For each column in a 2D NumPy array, the column's maximum value can appear more than once. I would like to find the row index for each column maximum, without repeating row indices.
Here is an example that demonstrates why np.argmax
doesn't work:
import numpy as np
a = np.array([[1, 1, 0],
[1, 0, 1],
[0, 0, 1]])
ind = np.argmax(a, axis=0)
print(ind)
Output:
[0 0 2]
I want the result: [1, 0, 2]
for this example.
That is:
A slightly more complex example is this array:
a = np.array([[1, 1, 0],
[1, 1, 1],
[0, 0, 1]])
In this case, there is no column with a unique maximum value.
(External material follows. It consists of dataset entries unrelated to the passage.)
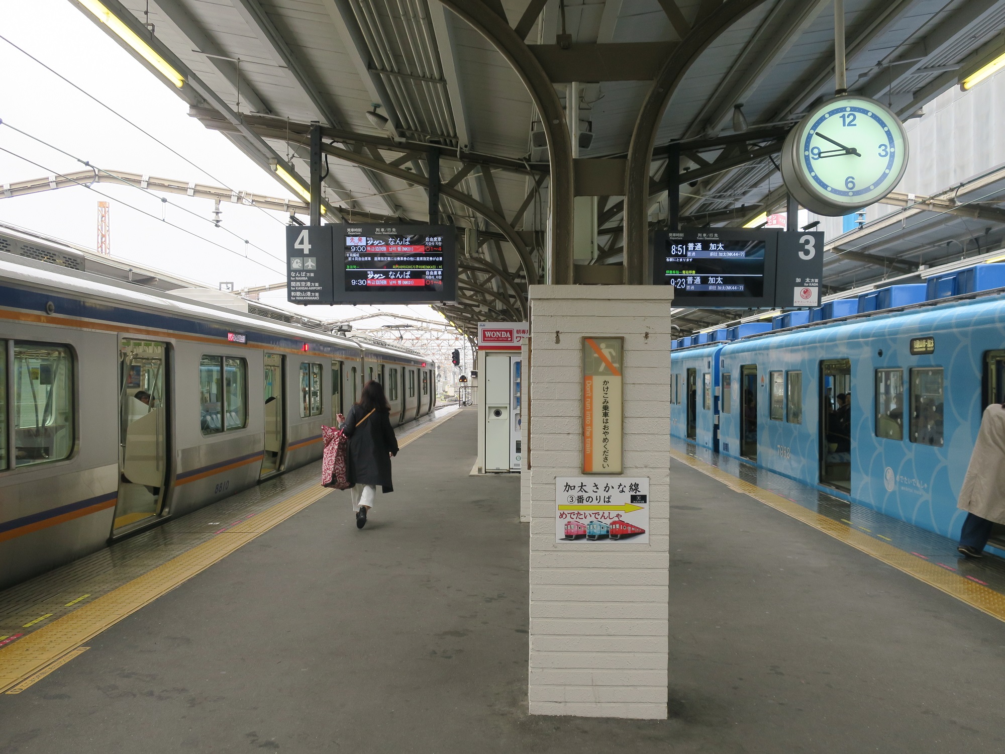 3番線・4番線です。3番線は南海加太線で、加太方面に行く列車が発着します。4番線は南海本線で、泉佐野・岸和田・堺・なんば方面に行く列車が発着します。
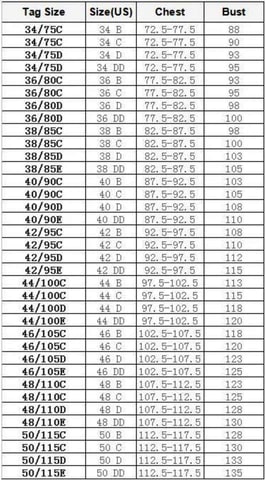 Velikost pasu, velikost skodelice: 34A, 34B, 34C, 34D, 34E, 36A, 36B, 36C, 36D, 36E, 38B, 38C, 38D, 38E, 40C, 40D, 40E , 42C , 42D , 42E , 44C , 44D , 44E , 46D , 46E
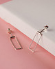 Kolczyki w kształcie prostokątów delikatnie poruszają się w uchu, subtelnie odbjając światło.
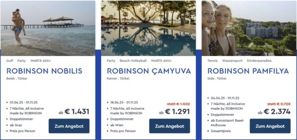 - Bis zu 20% Frühbucher-Rabatt bei TUI & Robinson
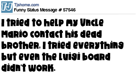 X is I tried to help my Uncle Mario contact his dead brother, I tried everything but even the Luigi board didn't work.
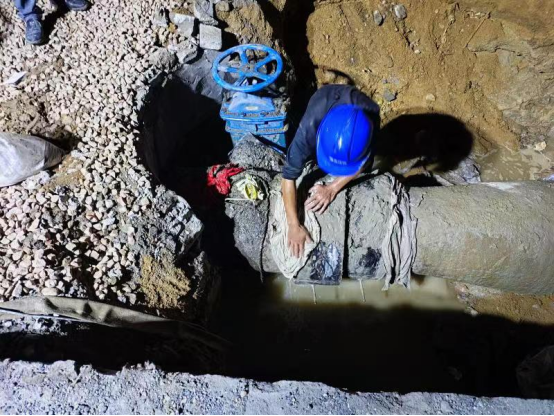 晚上22點(diǎn)30分,管網(wǎng)漏水點(diǎn)被成功修復(fù),保障沿線居民不間斷生活用水。

I'd be happy with either of these answers:
[0, 1, 2]
[1, 0, 2]
An even more complex example is:
a = np.array([[1, 1, 1],
[1, 1, 1],
[0, 1, 1]])
In this case, I'd be happy with any of these answers:
[0, 1, 2]
[0, 2, 1]
[1, 0, 2]
[1, 2, 0]
I can solve these problems with loops and logical conditions, but I'm wondering if there is a way to solve the problem using numpy functions?
May be overkill, but you can use scipy.optimize.linear_sum_assignment
:
from scipy.optimize import linear_sum_assignment
a = np.array([[1, 1, 0],
[1, 0, 1],
[0, 0, 1]])
linear_sum_assignment(-a.T)[1]
# array([1, 0, 2])
Note that you can always reduce to the 0,1 case using something like
abin = a==a.max(axis=0)
This can speed up the assignment quite a bit.
Alternatively, see this post for a graph theory solution.